Russischer Kampfjet stürzt über Wohnviertel ab

Eine Explosion erschüttert ein achtstöckiges Wohnhaus im russischen Jejsk, dann sind kleinere Detonationen zu hören. Mindestens 15 Menschen sterben, zahlreiche weitere werden verletzt.

Nach dem Absturz eines russischen Kampfflugzeugs in einem Wohngebiet in Jejsk im Süden Russlands ist die Zahl der Toten auf 15 gestiegen. Unter ihnen seien auch drei Kinder, teilten die russischen Behörden am Dienstag mit. Am Nachmittag wurde demnach noch ein Toter in den Trümmern eines Hauses gefunden. Am Montagabend war nach dem Absturz des Kampfjets vom Typ Su-34, der auch im Krieg gegen die Ukraine eingesetzt wird, von sechs Toten die Rede gewesen. Weitere Tote wurden am Dienstag gefunden. 25 Menschen seien verletzt worden.

Einige Bewohner des in Brand geratenen Hauses starben, als sie aus den oberen Etagen sprangen, um sich vor den Flammen zu retten, wie die Vize-Gouverneurin Anna Minkowa mitteilte. Präsident Wladimir Putin sei in tiefer Trauer mit jenen Familien verbunden, «die ihre Nächsten im Zuge dieser Katastrophe verloren haben», sagte Kremlsprecher Dmitri Peskow.

Nach Angaben des Verteidigungsministeriums stürzte die Maschine wegen eines technischen Defekts ab, ein Triebwerk soll in Brand geraten sein. Die Piloten konnten sich retten. Die Maschine war den Angaben nach auf einem Übungsflug gewesen und hatte keine Munition an Bord.

Absturzstelle nahe einer Schule

Insgesamt sind nach Behördenangaben 72 Wohnungen zerstört worden, mehr als 500 Menschen mussten in Sicherheit gebracht werden. Vier Verletzte seien ins Regionalkrankenhaus von Krasnodar gebracht worden, die anderen würden in Jejsk im Krankenhaus versorgt, hieß es. Die Verletzten erhielten neben medizinischer auch psychologische Hilfe, teilte Gesundheitsminister Michail Muraschko, der selbst in dem Ort am Asowschen Meer war, in der Nacht mit.

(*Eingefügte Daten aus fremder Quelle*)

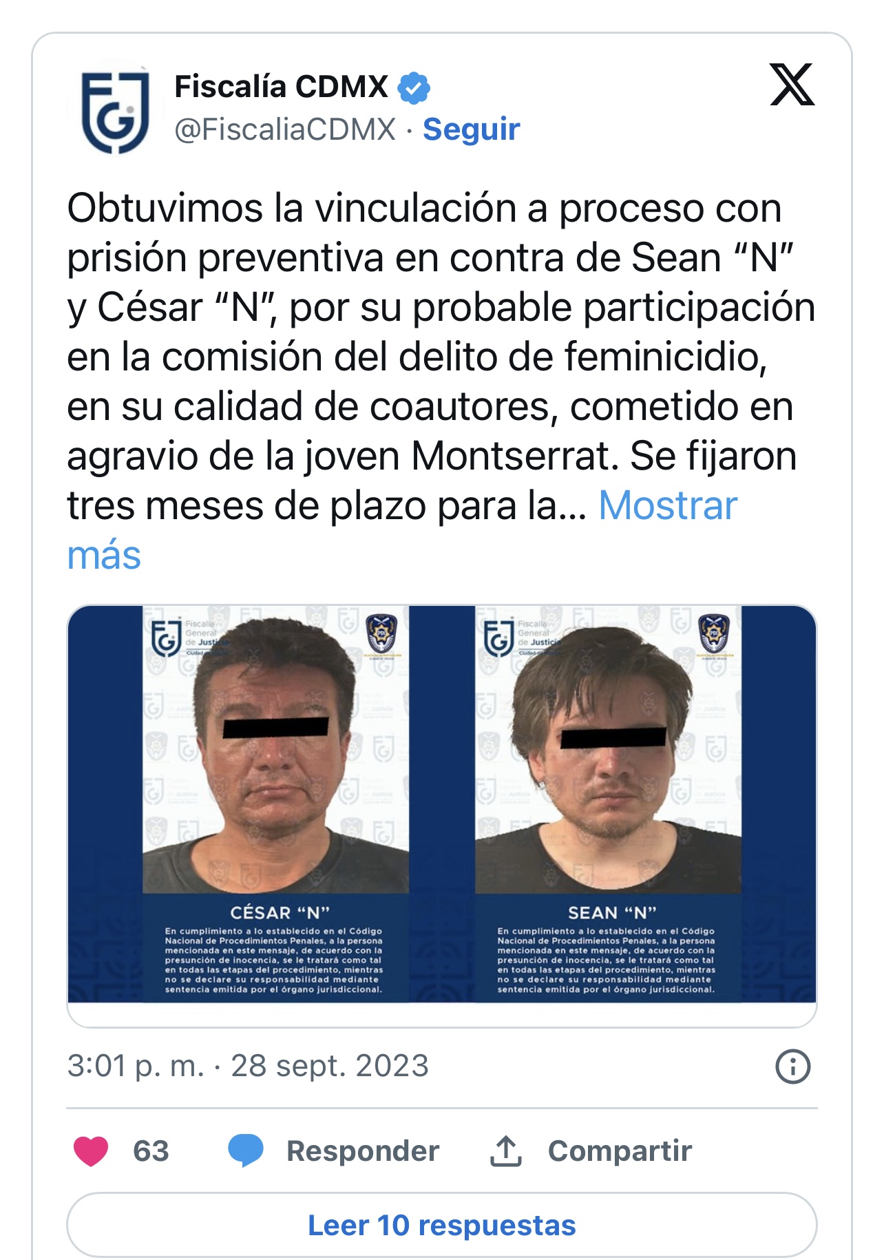 Un juez vinculó a proceso a Sean “N” y César “N” por su presunta responsabilidad en el delito de feminicidio, perpetrado en agravio de la joven Montserrat Juárez en la alcaldía Miguel Hidalgo de la Ciudad de México.

Der Kampfbomber fiel kurz nach dem Start direkt neben ein achtstöckiges Wohnhaus, das zum Teil in Brand gesetzt wurde. Etwa 300 Meter von der Stelle entfernt steht eine Schule, in der zum Zeitpunkt russischen Medien zufolge 600 Schüler waren. Verletzt wurde dort niemand.

Videos aus der Stadt zeigten eine große Explosion dicht an dem Hochhaus. Dann waren kleinere Detonationen zu hören. Ein Teil des Gebäudes fing bis zum Dach hinauf Feuer. Die Sprecherin des inhaftierten Kremlgegners Alexej Nawalny, Kira Jarmysch, sagte, dass russische Kampfjets jetzt nicht nur in der Ukraine Wohnhäuser zerstörten, sondern auch in der Heimat. «Nichts davon gäbe es, wenn Putin nicht diesen Krieg begonnen hätte.»